Tools to Support Peer Coaching Clarity
📹 Easy-to-Use Recording Tools:
- SWIVL Robot CX or OBSBOT Tiny 2: Automated tracking ensures clear instructional footage
- Rode Wireless ME or DJI Mic: Ensures crystal-clear audio for meaningful reflection
📄 Transcription and Annotation:
- Otter.ai and Descript: Transcribe and highlight culturally affirming language and strategic teacher moves
🔐 Privacy Considerations:
- Focus recordings primarily on teachers
- Use avatars, slides, or blur faces to maintain student privacy according to district guidelines
The Cultural Affirmation Connection
Zaretta Hammond emphasizes culturally responsive teaching as a practice that leverages students’ cultural knowledge and frames learning within their lived experiences (Hammond, 2015). Peer coaching explicitly aligns with these principles, grounding metacognitive strategies in cultural identity and collective agency.

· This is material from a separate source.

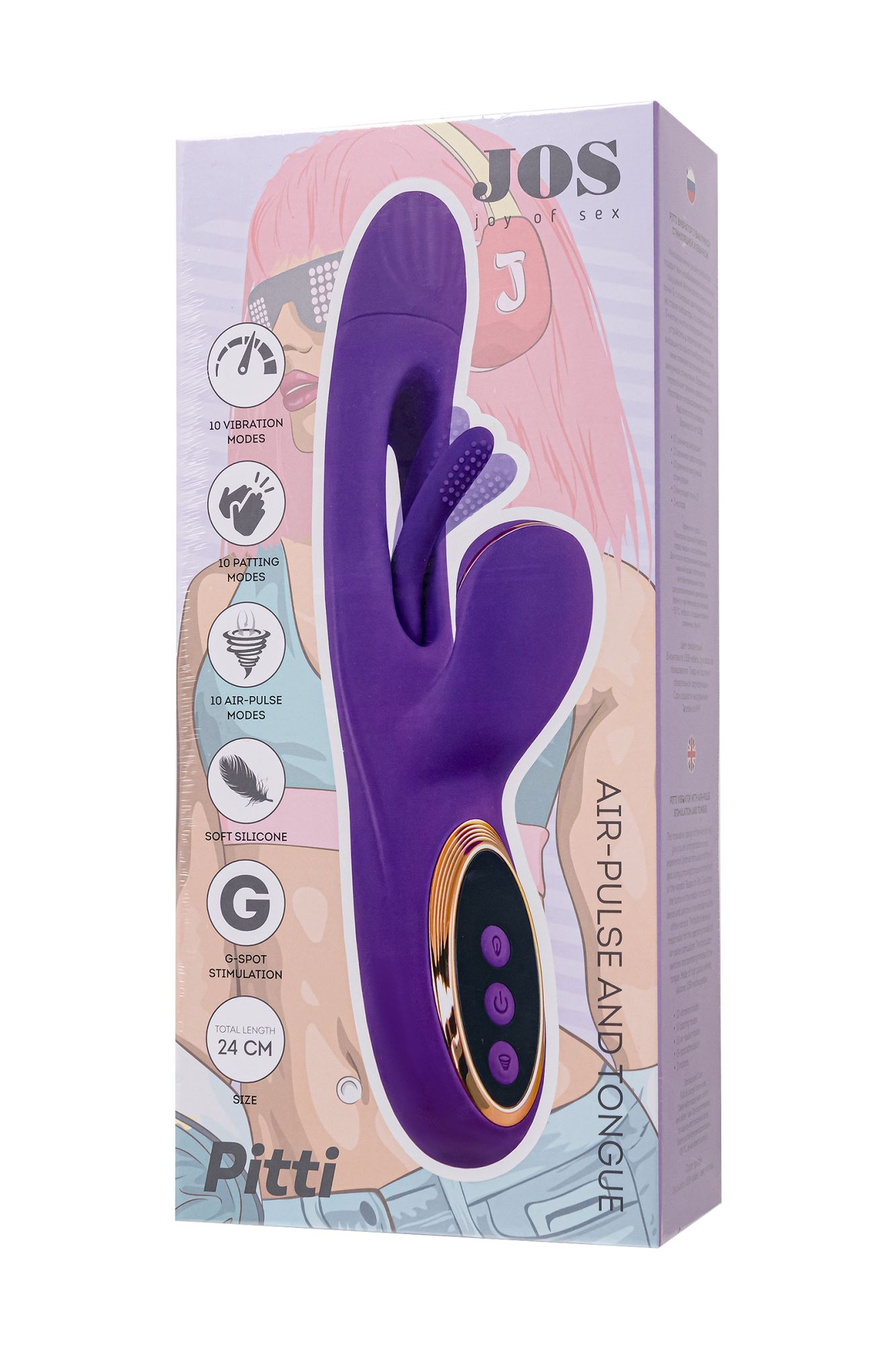 Погрузитесь в мир инновационных ощущений с вибратором PITTI от самого необыкновенного бренда JOS! Этот невероятный технологичный дизайн поднимет стимуляцию точки G на абсолютно новый уровень. Двигающийся язычок внутри вагинальной части точечно вибрирует непосредственно на зоне G, погружая вас в водоворот удовольствия. А клиторальный отросток в это время может ласкать вас вакуумными волнами воздушной пульсации. Тройное удовольствие гарантирует оргазм с максимальным уровнем экстаза. Управляйте своим наслаждением с легкостью! Три кнопки на основании вибратора контролируют каждый аспект удовольствия. Серединная кнопка включает устройство и переключает режимы основного вибратора. Кнопки ниже управляют режимами клиторального отростка. Верхняя кнопка изменяет режимы работы язычка. PITTI выполнен из высококачественного бархатистого силикона, обеспечивая максимальный комфорт. Заряжается от USB, что делает использование еще более удобным. Простое управление тремя кнопками гарантирует, что каждая функция будет под вашим контролем. Дизайн игрушки выполнен в насыщенном фиолетовом цвете с золотыми вставками. Головка погружного ствола имеет диаметр 3,3 см, а рабочая длина кролика составляет 13,5 см. Изготовленный из высококачественного бархатистого силикона, PITTI легко заряжается от USB, что делает его современным и практичным в использовании. Идеально гладкое и безопасное покрытие обеспечит вашей коже комфорт. Позаботьтесь о правильном хранении и уходе за PITTI, чтобы он всегда оставался вашим верным спутником в мире наслаждения. Используйте только водные лубриканты. После каждого использования промойте его мыльной водой и дезинфицируйте антибактериальным спреем, чтобы сохранить его гигиеничность и продлить его срок службы. Технические характеристики: 10 режимов вибрации 10 режимов вакуумной стимуляции 10 режимов работы язычка 3 мотора Стимуляция точки G Общая длина 24 см Рабочая длина 13,5 см Диаметр 3,3 см Материал - силикон, ABS-пластик Цвет - фиолетовый

When educators collaboratively refine their ability to model metacognitive practices, they create affirming classrooms where students:
- See their cultural identities honored and validated
- Develop the expertise to independently monitor and guide their learning
- Feel empowered to teach and lead their peers through culturally responsive metacognitive practices
Why This Matters: Metacognition as Empowerment
Peer coaching within Impact Teams isn’t merely about instructional improvement—it’s transformational. It honors students as active participants in their learning journey, acknowledging and affirming the cultural strengths each learner brings.
This practice not only cultivates metacognitive expertise but also advances agency, ensuring every student experiences learning as personally meaningful, culturally affirming, and deeply empowering.
Join our community committed to metacognitive clarity, collective efficacy, and transformative learning.
References
- Bloomberg, P. J., & Pitchford, B. (2023). Leading Impact Teams 2.0: Building a Culture of Efficacy and Agency. Mimi and Todd Press.
- Hammond, Z. (2015). Culturally Responsive Teaching and the Brain: Promoting Authentic Engagement and Rigor Among Culturally and Linguistically Diverse Students. Corwin Press.